- **TASK BRIEF**:
Exact retyping of the data: please keep every word and drop each picture.

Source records
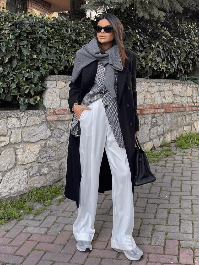 2.大衣越宽,内搭越紧,外松内紧才能避免拖沓和臃肿感。同样在叠穿时,从内层到最外层,衣服也是一层比一层更宽松,才不会显得拘谨。
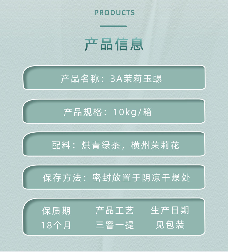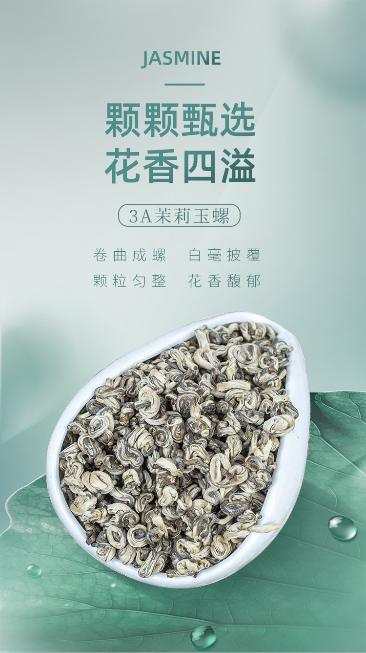 茉莉白玉螺特级浓香型茉莉花茶2023新茶白毫绿茶叶香碧螺 花茶横州
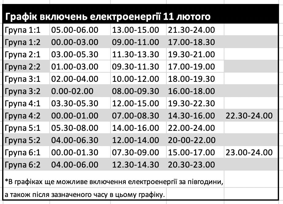 💡💡💡Графік світла 11 лютого у Тернопільській області!
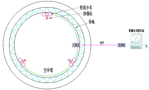 沿空冷塔三角散熱器布置一圈軌道,長度約490米,高度24米,軌道與塔壁用支架支撐固定,軌道平臺系統(tǒng)分三段接入,搭載3套雙光熱成像儀或氣水噴頭。每套小車每行走10米對散熱設(shè)備做垂直掃描運動。分段進行視頻監(jiān)測和散熱器溫度數(shù)據(jù)的采集或臟物清洗,并通過電力載波方式和監(jiān)測中心的數(shù)據(jù)服務(wù)器通訊。每套系統(tǒng)行走長度160米,巡查一次的時間在16分鐘左右。
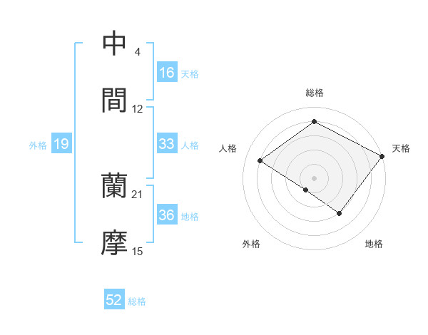 中間 蘭摩さんを姓名の画数から五運を鑑定

- **ANSWER TO THIS EXERCISE**:
 2.大衣越宽,内搭越紧,外松内紧才能避免拖沓和臃肿感。同样在叠穿时,从内层到最外层,衣服也是一层比一层更宽松,才不会显得拘谨。
 茉莉白玉螺特级浓香型茉莉花茶2023新茶白毫绿茶叶香碧螺 花茶横州
 💡💡💡Графік світла 11 лютого у Тернопільській області!
 沿空冷塔三角散熱器布置一圈軌道,長度約490米,高度24米,軌道與塔壁用支架支撐固定,軌道平臺系統(tǒng)分三段接入,搭載3套雙光熱成像儀或氣水噴頭。每套小車每行走10米對散熱設(shè)備做垂直掃描運動。分段進行視頻監(jiān)測和散熱器溫度數(shù)據(jù)的采集或臟物清洗,并通過電力載波方式和監(jiān)測中心的數(shù)據(jù)服務(wù)器通訊。每套系統(tǒng)行走長度160米,巡查一次的時間在16分鐘左右。
 中間 蘭摩さんを姓名の画数から五運を鑑定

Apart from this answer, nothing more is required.